# Monitor for Gaming & Anime 10K



## Revolution (Sep 9, 2013)

Hi,
I need of a good monitor for my bro.
His 3 years old AOC F22 gone kaput recently.
I already have Dell S2240L.


Requirements 
1. Full HD 1920x1080 or 1920x1200
2. IPS Panel (TN color don't look good)
3. Will be gaming on it so expecting it should have less response time.
4. Screen size should be at least 21"


Budget : Max 10K


----------



## ankush28 (Sep 9, 2013)

Go for S2240L blindly 
Price is around 8.9k


----------



## flyingcow (Sep 10, 2013)

ankush28 said:


> Go for S2240L blindly
> Price is around 8.9k



Is the response time lag noticeable?


----------



## Revolution (Sep 10, 2013)

ankush28 said:


> Go for S2240L blindly
> Price is around 8.9k



Again same model ?


----------



## ankush28 (Sep 10, 2013)

responce time isnt noticible


----------



## Revolution (Sep 10, 2013)

What's the current price of Dell S2340M in Kolkata ?
Is Dell S2240M available in India ?


----------



## whitestar_999 (Sep 10, 2013)

get S2240L which is ips & has much better picture quality than any TN panel monitor like 2240M
S2240M is same as S2240L except it has DVI instead of HDMI.snapdeal has wrong info as it states S2240M as TN panel which is incorrect.
Dell S2240L 21.5 inch LED Backlit LCD Monitor: Flipkart.com


----------



## gagan_kumar (Sep 10, 2013)

Revolution said:


> What's the current price of Dell S2340M in Kolkata ?
> Is Dell S2240M available in India ?



yes its available here at bangalore........


----------



## Revolution (Sep 11, 2013)

Thanks for confirmation.



Revolution said:


> What's the current price of Dell S2340M in Kolkata ?
> Is Dell S2240M available in India ?



Anyone from Kolkata ?


----------



## gagan_kumar (Sep 11, 2013)

whitestar_999 said:


> get S2240L which is ips & has much better picture quality than any TN panel monitor like 2240M
> S2240M is same as S2240L except it has DVI instead of HDMI.snapdeal has wrong info as it states S2240M as TN panel which is incorrect.
> Dell S2240L 21.5 inch LED Backlit LCD Monitor: Flipkart.com



lol u corrected that fast i started to wonder that 2240m model had tn panel lol........


----------



## whitestar_999 (Sep 11, 2013)

i overestimated Indian shopping sites accuracy in a hurry as i usually check it directly from manufacturer's site or reputed international sites.


----------



## Revolution (Sep 12, 2013)

So,Dell S2240M(DVI) not available in India ?
What's the current price of Dell S2340M in Kolkata ?


----------



## gagan_kumar (Sep 12, 2013)

Revolution said:


> So,Dell S2240M(DVI) not available in India ?
> What's the current price of Dell S2340M in Kolkata ?

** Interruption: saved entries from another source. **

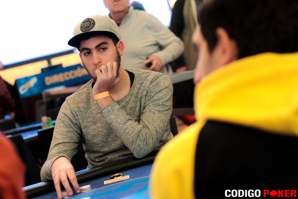 Todo empezó en la mesa 38 cuando Gustavo Oietto open-raiseó a 775 puntos y recibió los calls de Nicolás Ebertz, a su izquierda, y de Nicolás Pacheco desde BB.
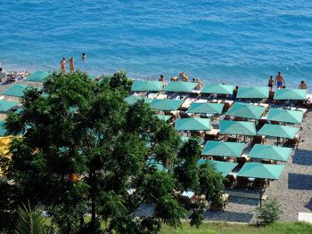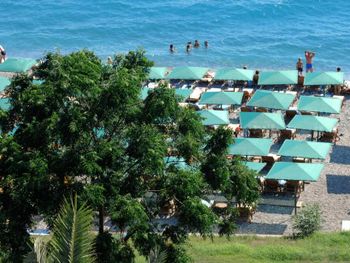 Пляж маленький, заполнен людьми. Не то, чтобы лечь - пройти негде.
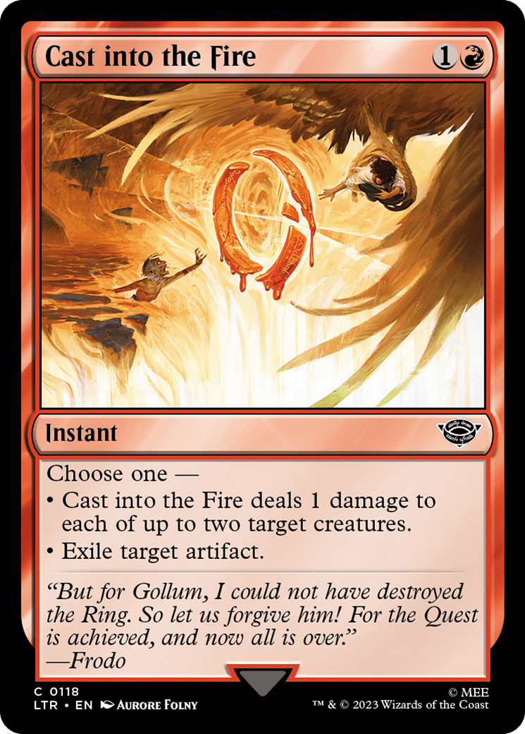 – Cast into the Fire deals 1 damage to each of up to two target creatures.
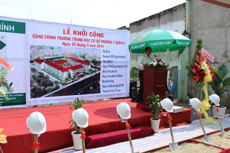 Ngày 25/9/2014, Ban Quản lý Đầu tư xây dựng công trình Quận 8 phối hợp cùng đơn vị thi công – CÔNG TY CỔ PHẦN XÂY DỰNG GIA THY long trọng tổ chức Lễ khởi công công trình Trường THCS Phường 7 – Quận 8. Đến tham dự buổi lễ có sự hiện diện của ông Lê Quỳnh Đài – Quận ủy viên, Phó Chủ tịch UBND Quận 8; bà Trần Thị Thu Thủy – Phó Chủ tịch ủy ban MTTQ Quận 8; bà Quách Thị Kim Phượng – Phó trưởng ban Dân vận quận ủy Quận 8; ông Trương Công Hầu – Phó ban Tuyên giáo quận ủy Quận 8; ông Trương Hạ Long – Giám đốc Ban QLĐTXDCT Quận 8; ông Huỳnh Quốc Thái – Bí thư Đảng ủy Phường 7, Quận 8; ông Nguyễn Văn Minh – Chủ tịch UBND Phường 7, Quận 8; ông Phan Hoàng Tuấn – Chủ tịch HĐQT Công ty Cổ phần Xây dựng Gia Thy - đại diện Nhà thầu thi công, cùng đại diện đơn vị Tư vấn giám sát, Tư vấnthiết kế.
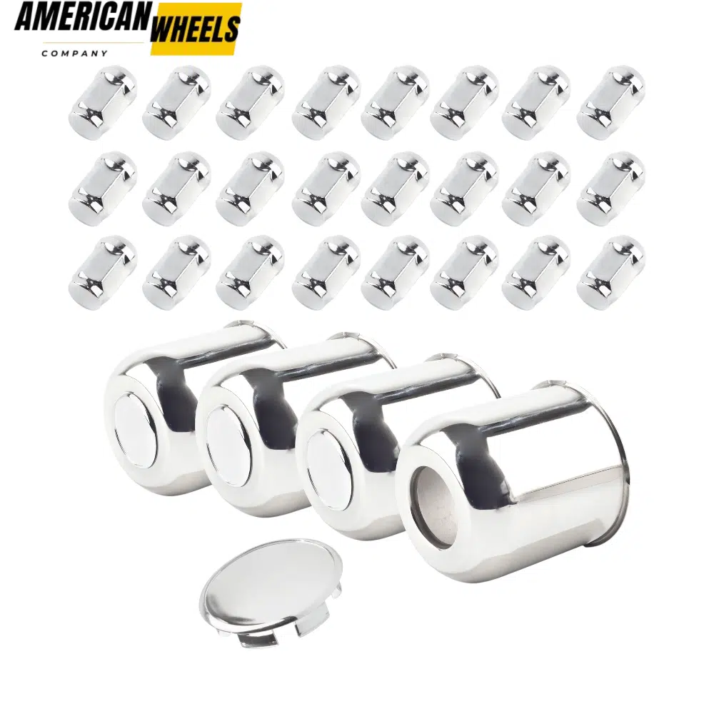 2. Chrome: 4Pcs Center Caps . 24 Pcs 1/2-20 Lug Nuts (Mirror Polished Stainless Steel)
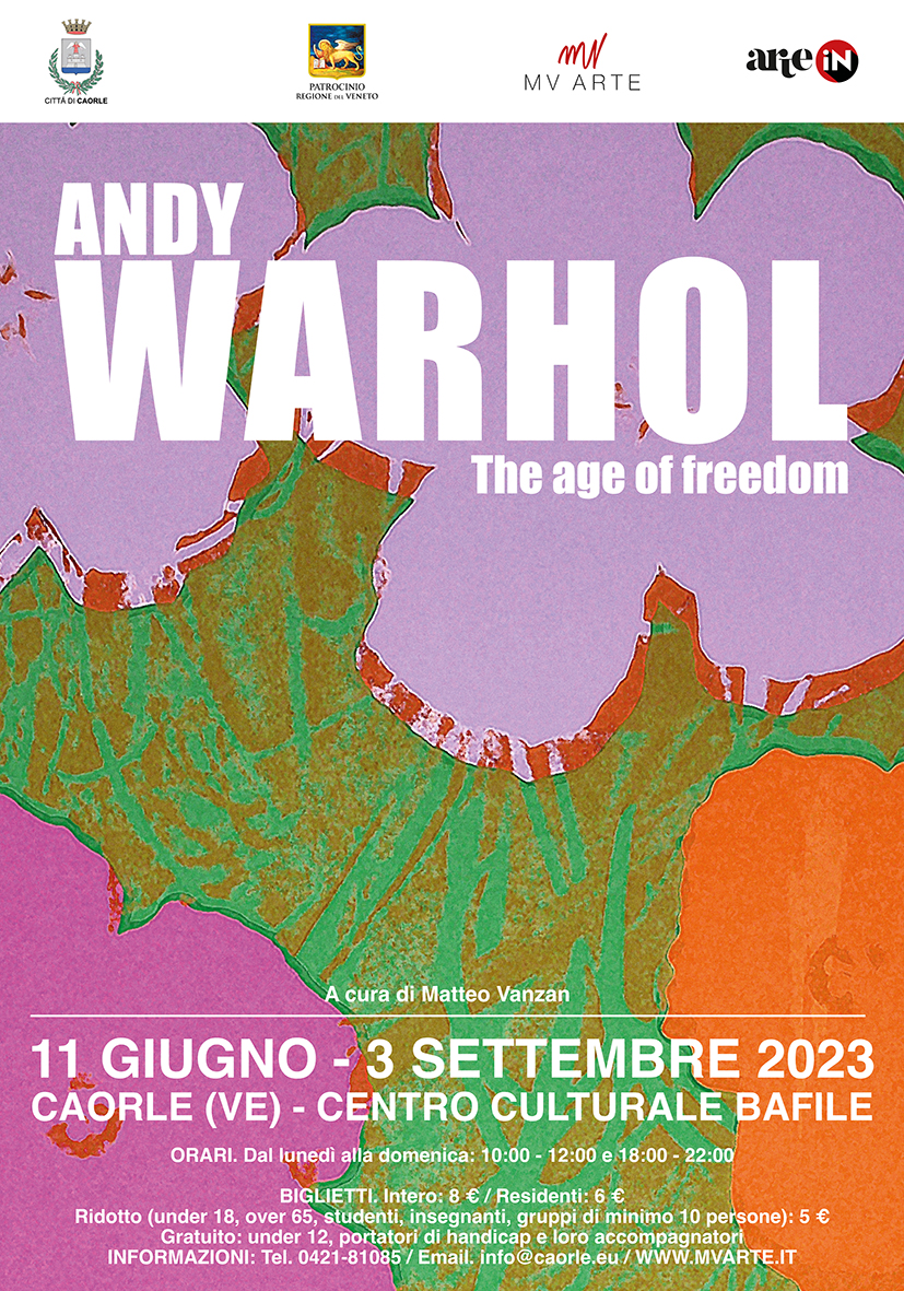 L'Amministrazione Comunale di Caorle, in collaborazione con l'agenzia MV Arte di Vicenza, presenta la mostra “Andy Warhol: the age of freedom” che si terrà presso il Centro Culturale A. Bafile dall' 11 giugno al 03 settembre 2023.
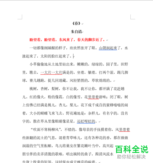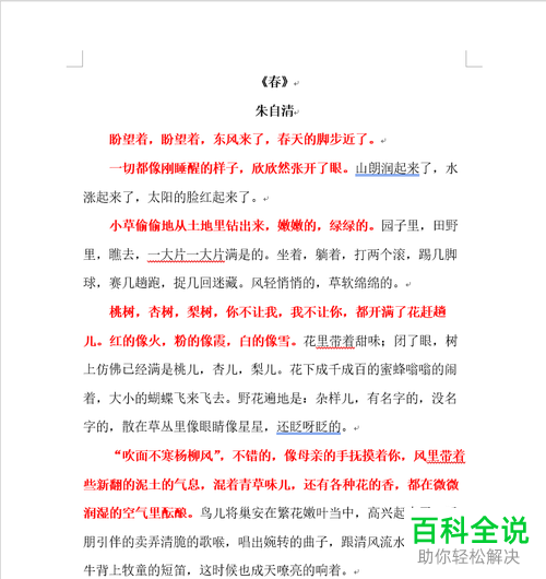 当我们在使用电脑中的word软件处理文字的时候,如果有一些地方需要用到同样的格式的话,可以直接使用格式刷功能,只需要设置一次即可无限次使用,接下来就由小编来告诉大家如何操作。 步骤1. 第一步,打开一个word文档,小编在这里以朱自清先生的《春》为例,我们想要将每一段的第一句话都设置为宋体、小四、红色和加粗字体,则需要选中第一段的第一句话。
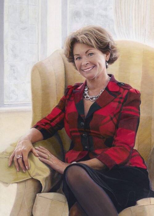 I am absolutely thrilled with the portrait. It combines the relaxed, friendly style I wanted with just enough gravitas. Most importantly, it is actually me! From the Governors, who commissioned it, to the girls at the school, the portrait has been greatly admired by everyone.
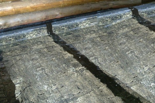 - Vorbereitung von Dachmaterial und anderen Dämmstoffen - sie werden für die Abdichtung benötigt. Das erste, was Sie brauchen, um sie auf der Oberfläche der Basis zu rollen. Überlappung um 10 cm legen.
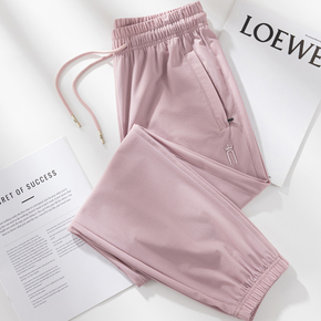 凉感粉色九分冰丝运动裤女春夏季薄款透气速干高腰小个子休闲长裤
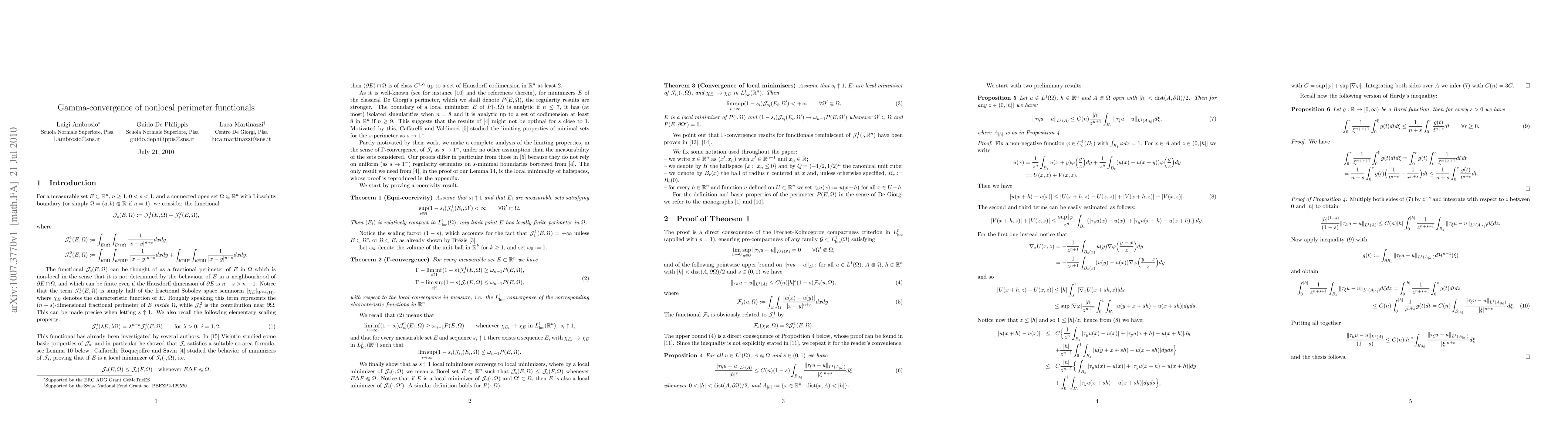 Summary: This paper demonstrates the Gamma-convergence of specific nonlocal functionals to the classical perimeter functional in the De Giorgi sense, establishing a connection between nonlocal and local geometric measures.
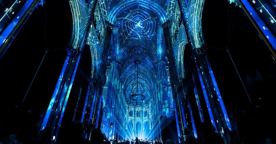 Het spektakel schijnt zijn betoverende licht op de eeuwenlange geschiedenis die deze uitzonderlijke plek heeft gekenmerkt. Deze momenten van licht en schaduw worden weerspiegeld in de architectuur en de sierlijke glas-in-loodramen.
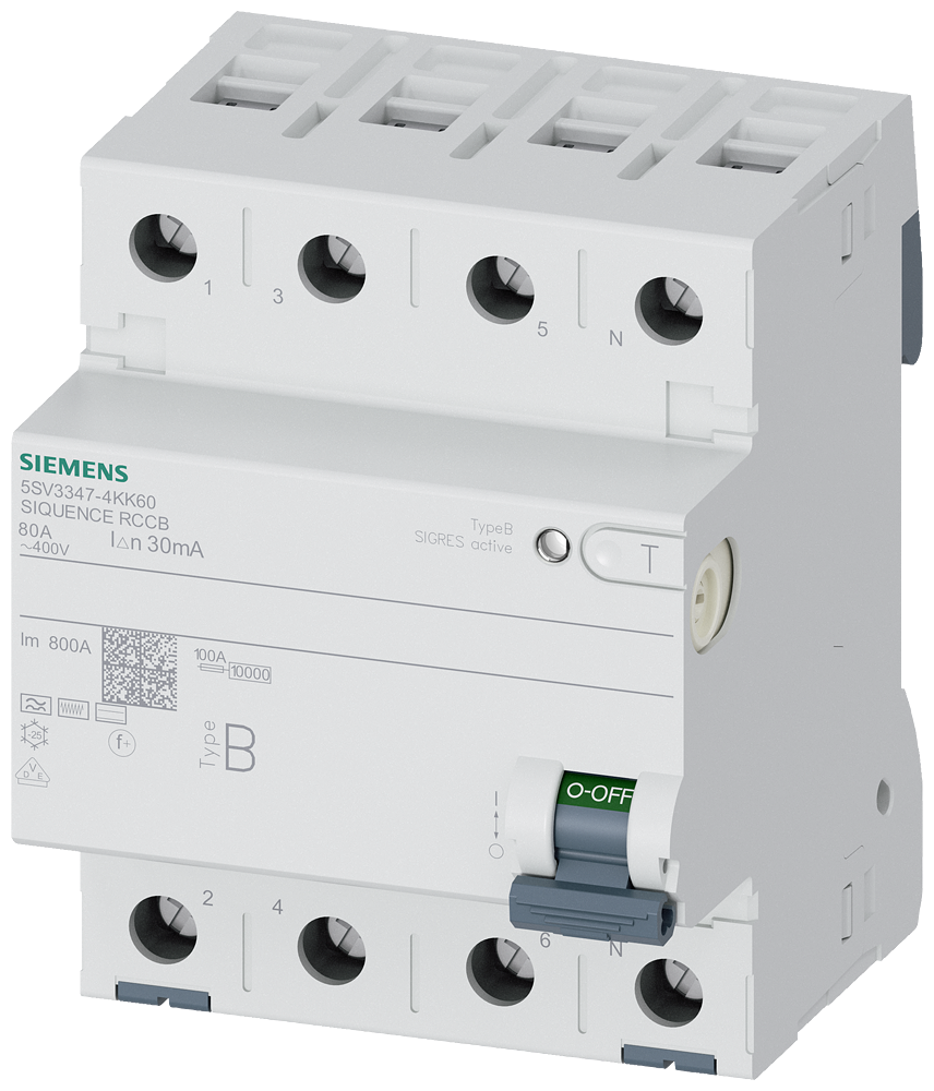 Residual current operated circuit breaker, 4-pole, Type B, In: 80A, 30mA, 6mA DC, Un AC: 400V, Mobile Installations

dude its available here..........


----------



## Revolution (Sep 12, 2013)

I asked twice cos last time I checked Dell S2240M and Dell S2340L/M were not available in Kolkata and I end up with Dell S2240L.
I don't need HDMI cos I'm gonna use it for PC and video card don't have HDMI but only DVI+VGA.
And I see no harm to buy Dell S2340M if price diff is not more that 1K than 22".


----------



## ashusood331 (Sep 13, 2013)

Revolution said:


> I asked twice cos last time I checked Dell S2240M and Dell S2340L/M were not available in Kolkata and I end up with Dell S2240L.
> I don't need HDMI cos I'm gonna use it for PC and video card don't have HDMI but only DVI+VGA.
> And I see no harm to buy Dell S2340M if price diff is not more that 1K than 22".



Yes there's no huge price difference in Dell S2340M & Dell S2240M(DVI) monitors. You can easily buy online with 3 yrs guarantee from the brand. Both cover quite similar specifications however the selection depends on which you prefer the most according to your use, as you do not want to use it for HDMI. 
Further I will also not deny that the product specifications listed on a online store follows what is mentioned or provided by the brand as the stores cannot list their self created features or it may be a typo mistake (for S2240M TN panel) coz rest else is perfectly correct when I compared the Dell S2240M monitor on Snapdeal with the Dell brand page for S2240M monitor. 
Moreover the best part is the price difference which I found on comparing few online stores, and Snapdeal is offering the lowest price on this product. So what can a consumer expect more, after all purchases happily end on savings.


----------



## Revolution (Sep 14, 2013)

Thanks!
I guess local price will be cheaper that online price.
Anyway I will find time and check price and availability of those monitors in Kolkata.


----------



## Revolution (Sep 17, 2013)

If anyone have proper calibration setting of Dell S2240L/M please tell me.
I could not find at web and no review either.


----------